What to Wear to a Funeral or Memorial: A Guide for Women
What to Wear to a Funeral: The Dos and Don'ts
First, if you are attending a funeral, wake, memorial service, or celebration of life, I am sorry for your loss. When there is a death in the family, the death of a loved one, friend, or acquaintance, everyone comes together for a celebration of life. You may be wondering what is and what is not appropriate to wear. While there are no definite rules and each celebration of life is different, it is most important to know what kind of group will be in attendance.
A Note About Tradition
I will be giving advice on what is most appropriate for a general celebration of life—this advice is based on North American (of the United States) tradition but does not take into account particular cultural and religious customs. It is always best to ask someone about what is expected if you are unsure, as every ceremony will differ.
The following advice presents standard, appropriate, and tasteful options for both women and girls based on my most recent experience attending a funeral.
Do Go for a Complete Outfit
What Colors Are Appropriate to Wear to a Funeral?
Appropriate Colors for a Funeral
These colors are acceptable for accessories and accent pieces, but you'll want to use them conservatively if you choose to. For instance, red flowers on a scarf or a yellow handkerchief in the pocket of a navy suit is acceptable. A white undershirt beneath a formal suit is also acceptable.
Got Grass? No Heels
Do not wear heels if you will be standing in the grass—they will sink into the ground and get stuck!
A Guide for Women on Funeral Attire and Etiquette
This advice is not meant to imply anything about a women's style of dress, but in general, people tend to dress conservatively at celebrations of life. Here are some general rules to follow:
- Dresses and skirts should fall below the knees or be a few inches above the knee.
- Consider wearing sheer tights or pantyhose with a dress or skirt for formality.
- Shoulders are appropriate in outdoor, warm weather, but outfits should generally cover the shoulder and be sleeved. Strappy dresses are best worn with a coverup, shawl, or sweater.
- Minimize low-cut shirts or wear a scarf to cover your chest area.
- If wearing a tight-fitting outfit, make sure that it is flattering and tasteful. A well-tailored outfit is fine so long as it is not meant to be sensual.
Alternatives to Dresses
Jumpsuits and suits are totally acceptable for women. If you feel like going formal and want to skip the skirt or dress, consider a modern pantsuit.
Do Dress Appropriately for the Weather
Do Consider Navy Instead of Black
Dressing Modestly Is a Sign of Respect
I am all for women dressing as they choose, but I do think there is something to be said about dressing respectfully at a celebration of life.

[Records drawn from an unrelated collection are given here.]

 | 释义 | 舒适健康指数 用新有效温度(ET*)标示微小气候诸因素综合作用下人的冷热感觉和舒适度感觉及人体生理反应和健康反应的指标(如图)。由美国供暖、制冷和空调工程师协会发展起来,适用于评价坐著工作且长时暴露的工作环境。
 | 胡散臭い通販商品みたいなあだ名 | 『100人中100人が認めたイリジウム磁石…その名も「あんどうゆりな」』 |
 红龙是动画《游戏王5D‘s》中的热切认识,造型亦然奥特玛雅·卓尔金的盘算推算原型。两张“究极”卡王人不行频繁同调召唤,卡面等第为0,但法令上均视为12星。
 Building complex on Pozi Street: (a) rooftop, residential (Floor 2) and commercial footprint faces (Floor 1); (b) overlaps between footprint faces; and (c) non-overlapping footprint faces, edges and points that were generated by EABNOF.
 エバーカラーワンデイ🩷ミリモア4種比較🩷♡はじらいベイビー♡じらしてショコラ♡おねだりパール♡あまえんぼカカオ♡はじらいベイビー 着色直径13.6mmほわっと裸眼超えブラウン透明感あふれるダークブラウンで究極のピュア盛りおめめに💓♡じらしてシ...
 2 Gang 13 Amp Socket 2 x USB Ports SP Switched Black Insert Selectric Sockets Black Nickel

You can certainly look good, but do consider the intent of your outfit. Just as you wouldn't want to out-dress the bride at her wedding, you do not want to be the center of attention. A memorial service is not the time to make a fashion statement.

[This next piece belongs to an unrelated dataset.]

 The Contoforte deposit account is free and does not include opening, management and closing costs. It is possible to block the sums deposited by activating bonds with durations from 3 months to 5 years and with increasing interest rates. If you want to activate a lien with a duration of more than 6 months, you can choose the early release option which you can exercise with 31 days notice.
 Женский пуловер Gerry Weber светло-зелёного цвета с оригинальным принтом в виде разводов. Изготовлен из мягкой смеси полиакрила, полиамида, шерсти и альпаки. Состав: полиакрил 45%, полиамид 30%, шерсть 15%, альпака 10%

Many people are mourning, and the whole point of dressing formally is to focus on the celebration of life. I encourage you to "mute" your fun fashion tendencies if you like to stand out. You can stand out in subtle ways—a pop of color, good hair, or unique shoes.
Can I Wear Sunglasses to a Funeral?
Yes. This has become quite mainstream. Many people are crying and emotional—some choose to hide their faces. This is totally acceptable. At the most recent memorial I attended, several men wore sunglasses indoors and even gave speeches indoors wearing sunglasses. I think this trend is becoming more mainstream, but making eye contact is authentic, so unless I'm outdoors, I won't wear sunglasses.

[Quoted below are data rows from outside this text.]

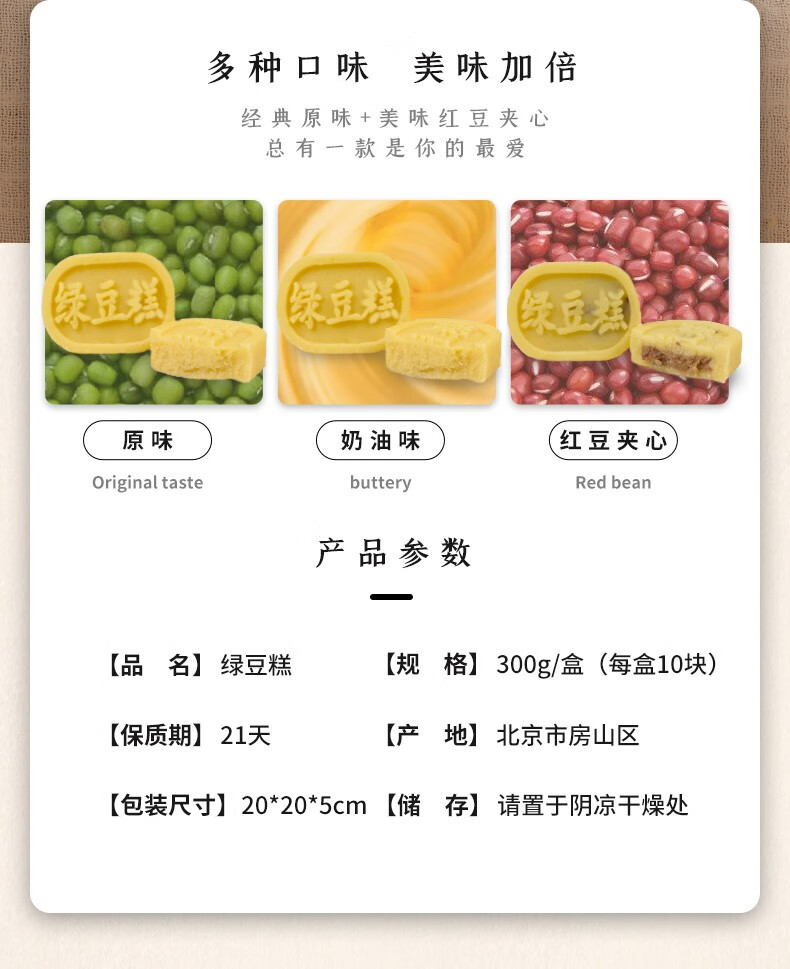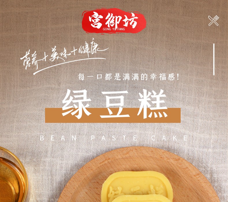 宫御坊手工特产零食绿豆糕三种口味300g*3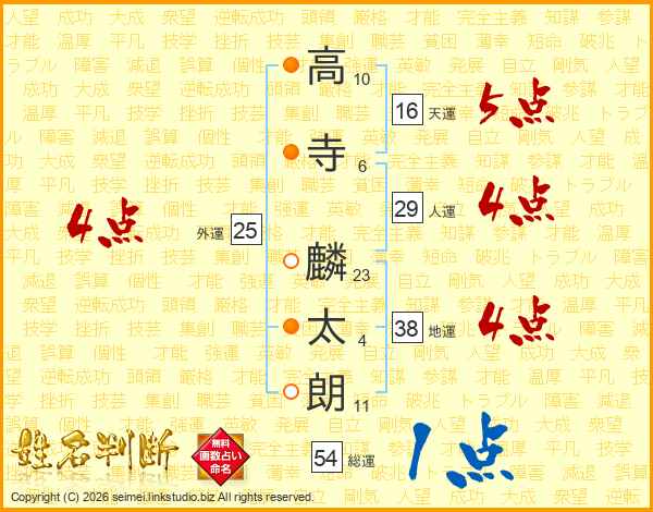高(10画)寺(6画) 麟(23画)太(4画)朗(11画)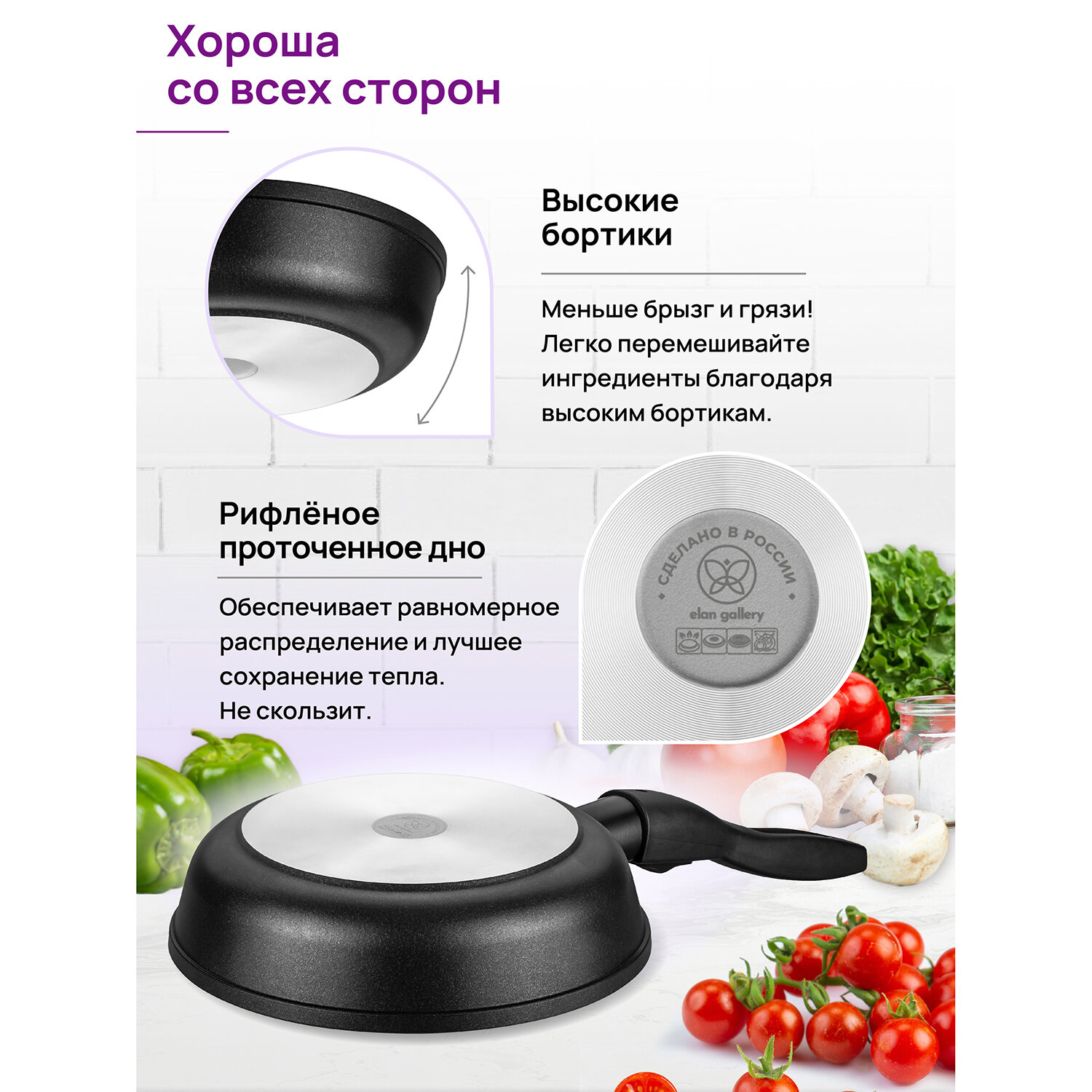 Сковорода глубокая 22 см Elan Gallery гармония вкуса Черный Оникс с крышкой D22, съёмная ручка интересное:

Ask yourself if you would wear your outfit on a night out. If the answer is yes, it might not be tasteful. The main point is that you are attending to celebrate an individual's life—not to make a fashion statement. This is not the time to make a fashion statement.
Do Break Up Black With Modest Patterns
Do Use Color Tasefully
How Much Makeup Is Appropriate to Wear to a Funeral?
There's no rule here really. Although I wouldn't recommend showing up with a full face of makeup (you will be crying and often the grieving family doesn't have time to glam), maybe wear makeup on your upper eyelids but avoid makeup on your lower lids in case you start crying. Also, if the family is big on cheek kissing, you might want to pass on the bright red lipstick. Muted makeup tones are often more appropriate.
If you are in a circle of friends or with a family or group that delights in dressing up—go for it. Maybe your circle of friends dress up in rockabilly style. It's totally fine to embrace this and do your usual—just be sure to mind the color tones.
Yes—you will want to either skip the makeup, skip the mascara on the bottom lid, or go with waterproof mascara. I like to wear a top liner and skip the bottom eye liner.
Fashion Don'ts for a FuneralClick thumbnail to view full-size
What Not to Wear to a Funeral
As demonstrated above, unless you are super close with the group of friends who are celebrating the life of a loved one with, understand that everyone will be there—if you don't feel comfortable wearing it in front of your boss or your grandparents, it is best not to wear it. Here's what to avoid:
- Sexy attire.
- Fashion statements.
- Vibrant, lively colors.
- Gaudy attire (don't dress like Wednesday from The Addams Family); too much lace and black and dark makeup can actually be quite offensive (unless the deceased would appreciate your gesture).
- Don't dress in the customary or traditional wear of the family unless you've received approval or confirmation that this is expected.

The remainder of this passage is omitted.